Cucherat M, Haugh M C, Gooch M, Boissel J P
Department of Clinical Pharmacology, Hospitals of Lyon and University Claude Bernard, France.
Eur J Clin Pharmacol. 2000 Apr;56(1):27-33. doi: 10.1007/s002280050716.
To establish, using a systematic review and meta-analysis, whether there is any evidence from randomised controlled clinical trials of the efficacy of homeopathic treatment in patients with any disease.

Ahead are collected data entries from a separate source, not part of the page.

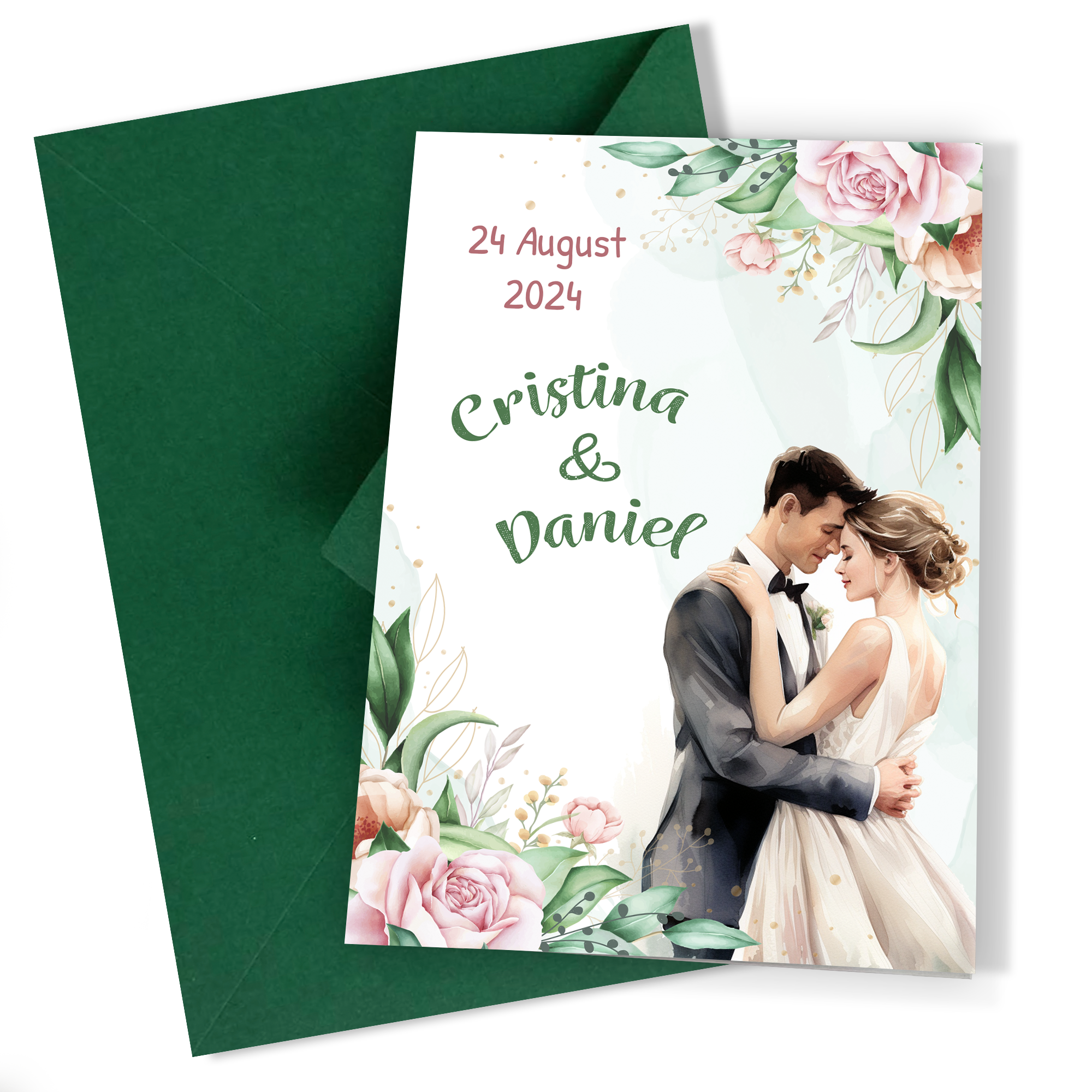 Invitatii nunta clasice cu plic Verde Padure – Mire si mireasa – INC-10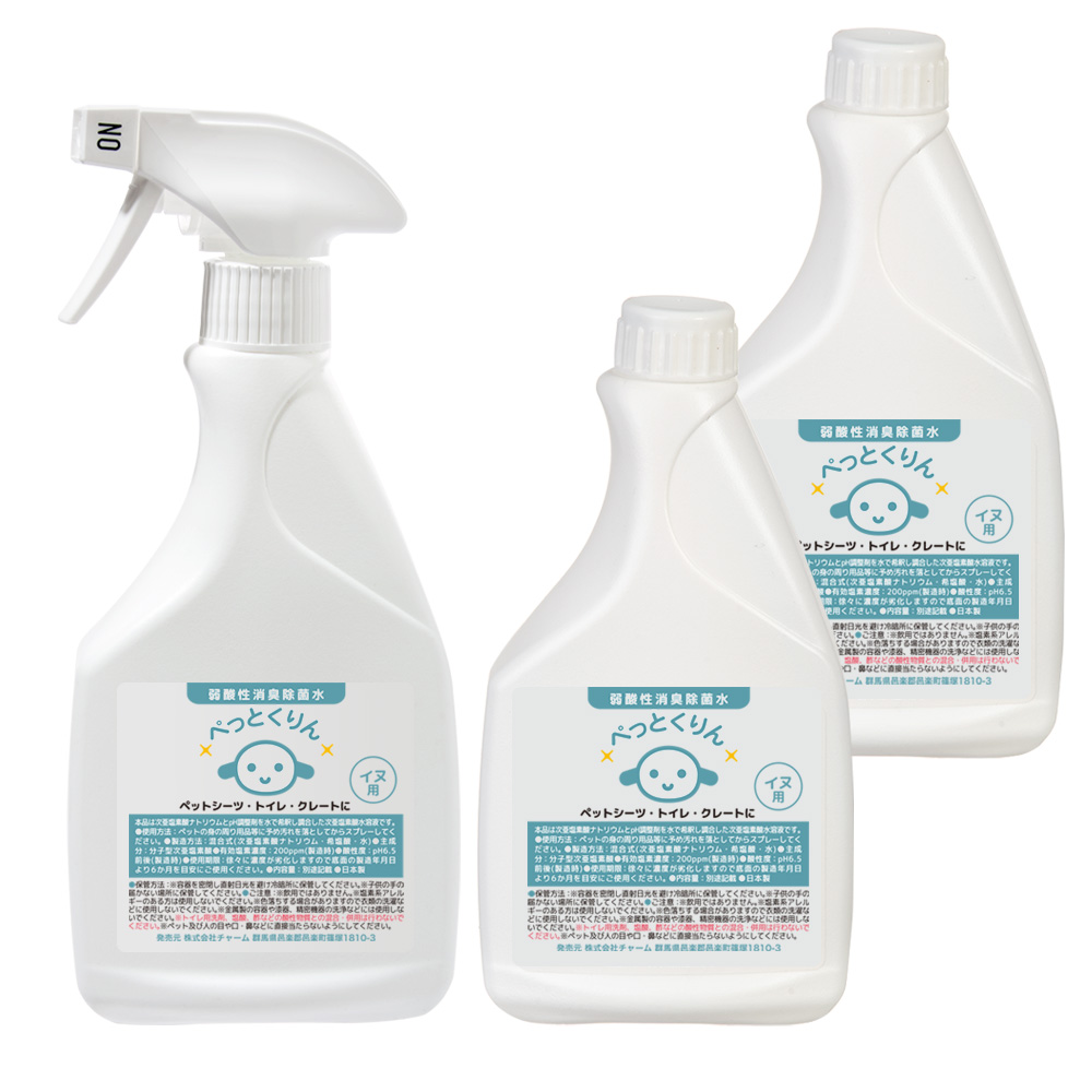 | 弱酸性消臭除菌水 ぺっとくりん 犬用 500ml + 詰め替え用 500ml×2個セット | |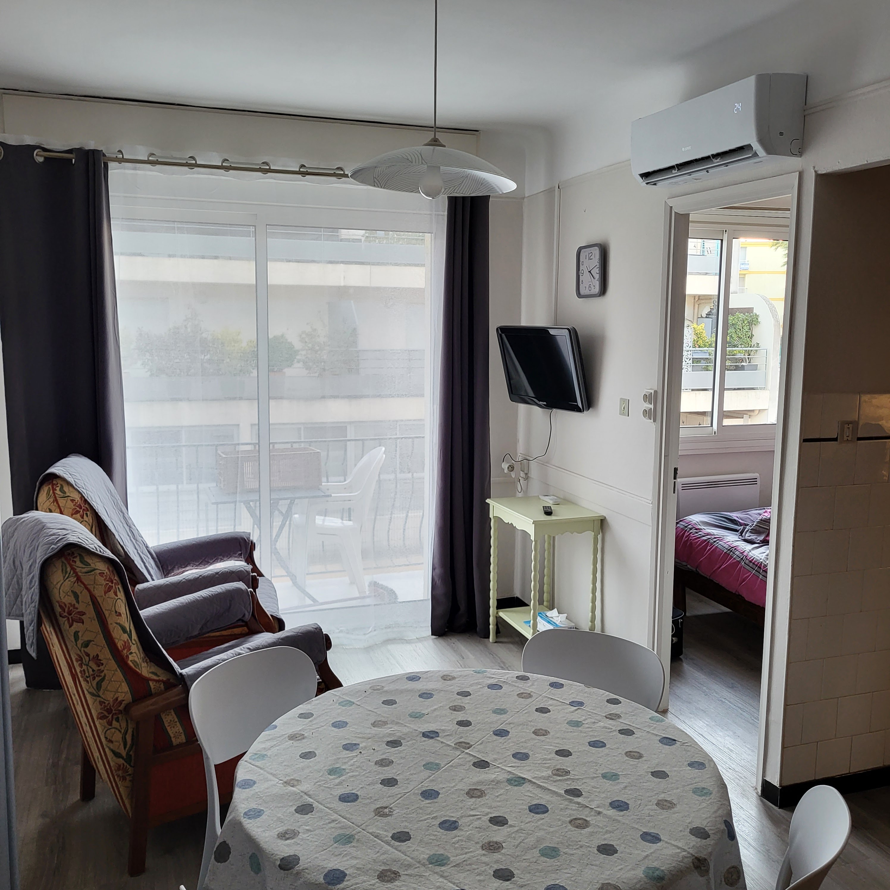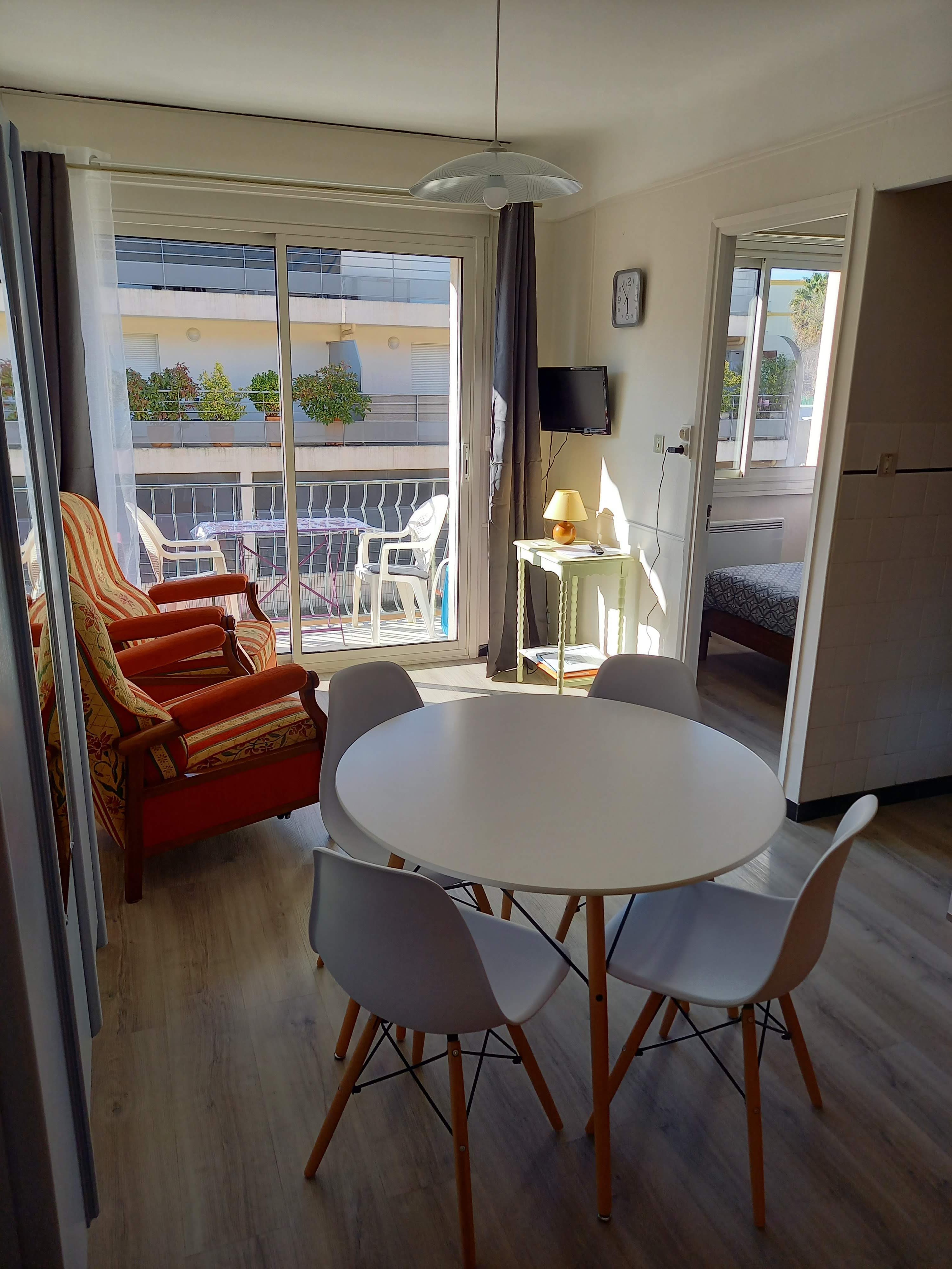 Appartement type 2 de 28 m² avec petit balcon dans petite résidence avec parking commun sécurisé, situé au coeur de balaruc proche de toutes commodités (400m de la cure) Appartement tout confort, entièrement équipé et fonctionnel. Un lave-linge et climatisation mobile. Pas de WiFi.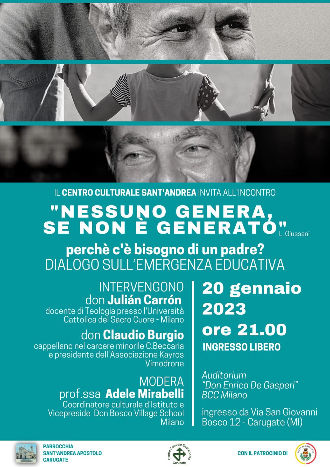 Il 2022 è stato l’anno delle commemorazioni di monsignor Luigi Giussani, educatore che ha dedicato la propria vita in particolare ai più giovani. Un’occasione per ragionare su un tema di stretta attuale come l’emergenza educativa che interessa sempre più ragazzi, adolescenti e giovani, emersa con ancor maggiore forza come conseguenza dell’isolamento imposto dalla pandemia da Covid 19. Per questo motivo il Centro culturale Sant’Andrea di Carugate ha deciso di non spegnere i riflettori e di organizzare un incontro di riflessione e confronto con ospiti di grande livello.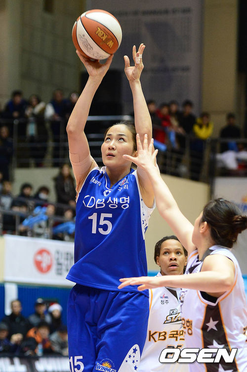 25일 오후 구리시체육관에서 열린 '우리은행 2013-2014 여자프로농구' 구리 KDB생명과 청주 KB스타즈의 경기 1쿼터 신정자가 슛을 시도하고 있다.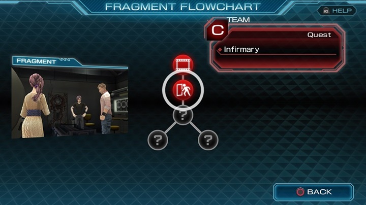 Uma das principais diferenças face aos jogos anteriores prende-se com a divisão dos nove participantes em equipas fixas de três elementos, sem qualquer contacto entre si. Cada capítulo jogável representa períodos de 90 minutos, contendo tipicamente longas secções de diálogo, uma sala para explorar exaustivamente e resolver os respectivos puzzles, e uma decisão difícil a tomar no final. No entanto, a forma como estes capítulos são apresentados ao jogador é bastante distinta do habitual. Em vez de seguirmos uma progressão linear, ou mesmo uma árvore narrativa claramente estruturada como em Virtue’s Last Reward, aqui a história surge fragmentada em múltiplos segmentos dispersos.

Published and unpublished reports of controlled clinical trials available up to June 1998, identified by searching bibliographic databases (Medline, Embase, Biosis, PsychInfo, Cinahl, British Library Stock Alert Service, SIGLE, Amed), references lists of selected papers, hand searching homeopathic journals and conference abstracts, and contacting pharmaceutical companies. TRIALS SELECTION: Trials were selected using an unblinded process by two reviewers. The selection criteria were randomised, controlled trials in which the efficacy of homeopathic treatment was assessed relative to placebo in patients using clinical or surrogate endpoints. Prevention trials or those evaluating only biological effects were excluded. One hundred and eighteen randomised trials were identified and evaluated for inclusion. Sixteen trials, representing 17 comparisons and including a total of 2,617 evaluated patients, fulfilled the inclusion criteria.
Data were extracted by two reviewers independently, using a summary form. Disagreements were resolved by a third person.
The evidence was synthesised by combining the significance levels (P values) for the primary outcomes from the individual trials. The combined P value for the 17 comparisons was highly significant P = 0.000036. However, sensitivity analysis showed that the P value tended towards a non-significant value (P = 0.08) as trials were excluded in a stepwise manner based on their level of quality.
There is some evidence that homeopathic treatments are more effective than placebo; however, the strength of this evidence is low because of the low methodological quality of the trials. Studies of high methodological quality were more likely to be negative than the lower quality studies. Further high quality studies are needed to confirm these results.
通过系统评价和荟萃分析,确定是否有来自随机对照临床试验的证据表明顺势疗法对任何疾病患者有效。
截至1998年6月可获取的已发表和未发表的对照临床试验报告,通过检索书目数据库(医学在线数据库、荷兰医学文摘数据库、生物学文摘数据库、心理学文摘数据库、护理学与健康领域数据库、大英图书馆藏书警报服务、灰色文献数据库、澳大利亚医学文献数据库)、所选论文的参考文献列表、手工检索顺势疗法期刊和会议摘要以及联系制药公司来识别。
由两名评审员采用非盲法进行试验选择。选择标准为随机对照试验,其中使用临床或替代终点评估顺势疗法相对于安慰剂在患者中的疗效。排除预防试验或仅评估生物学效应的试验。共识别并评估了118项随机试验以确定是否纳入。16项试验,代表17组比较,共纳入2617例评估患者,符合纳入标准。
由两名评审员独立使用汇总表提取数据。分歧由第三人解决。
通过合并各个试验主要结局的显著性水平(P值)来综合证据。17组比较的合并P值高度显著,P = 0.000036。然而,敏感性分析表明,随着根据试验质量水平逐步排除试验,P值趋向于无显著性意义的值(P = 0.08)。
有一些证据表明顺势疗法比安慰剂更有效;然而,由于试验的方法学质量较低,该证据的强度较弱。方法学质量高的研究比质量低的研究更有可能得出阴性结果。需要进一步的高质量研究来证实这些结果。